QUALITY RISES TO THE TOP

A very amusing letter here from the Herald today (since the herald archive is not freely available there is no point linking).

It appears that the leadership of Glasgow Labour & thus the Council, with responsibility for 2.5 billion of spending is maintaining it's well known & unique
standard.
THE Diary passed comment (April 27) on the leaflet produced for John Robertson, the Labour candidate for Glasgow North-west, in which it is claimed that "Spending on Education has went up 52%". The leaflet refers also to a "national minimim wage" and "record spending on tenant's homes". The election agent responsible for the content of this leaflet is Steven Purcell, the prospective leader of the Labour Group on Glasgow City Council.
Labour may indeed have introduced several new taxes by stealth but, clearly, syntax is not one of them.
Michael Bruce, 50 Millbrix Avenue, Glasgow.

Congratulations Mr Bruce

Comments:
"...it's well known & unique..."

Oops.

Pot.

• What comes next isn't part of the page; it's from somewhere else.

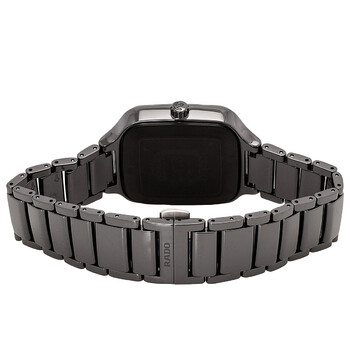 Black titanium case with a black ceramic bracelet. Fixed black titanium bezel. Black dial with rose gold-tone hands and index hour markers. Minute markers around the outer rim. Dial Type: Analog. Date display at the 6 o'clock position. Automatic movement. Scratch resistant sapphire crystal. Square case shape, case size: 38 mm. Fold over clasp with a safety release. Water resistant at 50 meters / 165 feet. Functions: date, hour, minute, second. Additional Info: original box, international warranty card, manual (complete accessories). True Square Series. Luxury watch style. Rado True Square Automatic Black Dial Men's Watch R27078172.

Kettle.
 
Hear hear!

*looks confident that he has used correct syntax....*
 
Looking at this again I am quite willing to say that calling Glasgow's governors "unique" was overstating it (Airdrie & Coatbridge for example seem to be as bad tho'on a smaller scale) but I'm sorry but I don't see the grammatical error hear. Please explain.
 
I am informed that the problem is the use of "it's" as possessive rather than "its":

Looking up my dictionary "it's" as possessive form was standard during the 19th C but not now (presumeably as shortening of "it is" became common). Unfortunately the OED isn't online for free but this from an advertisement for it "Oxford English Dictionary, ...
An excellent British English dictionary known for it's accurate and" means it is either legitimate, if archaic, or the OED sellers made a mistake too. I guess I am just a grammatical conservative.

Fairness to the next leader of Glasgow Council requires that I also point out that some of those promoting the Scots language insist that "spending has went up" is linguistic Scots. I think that is silly but then I think water is wet so what do I know?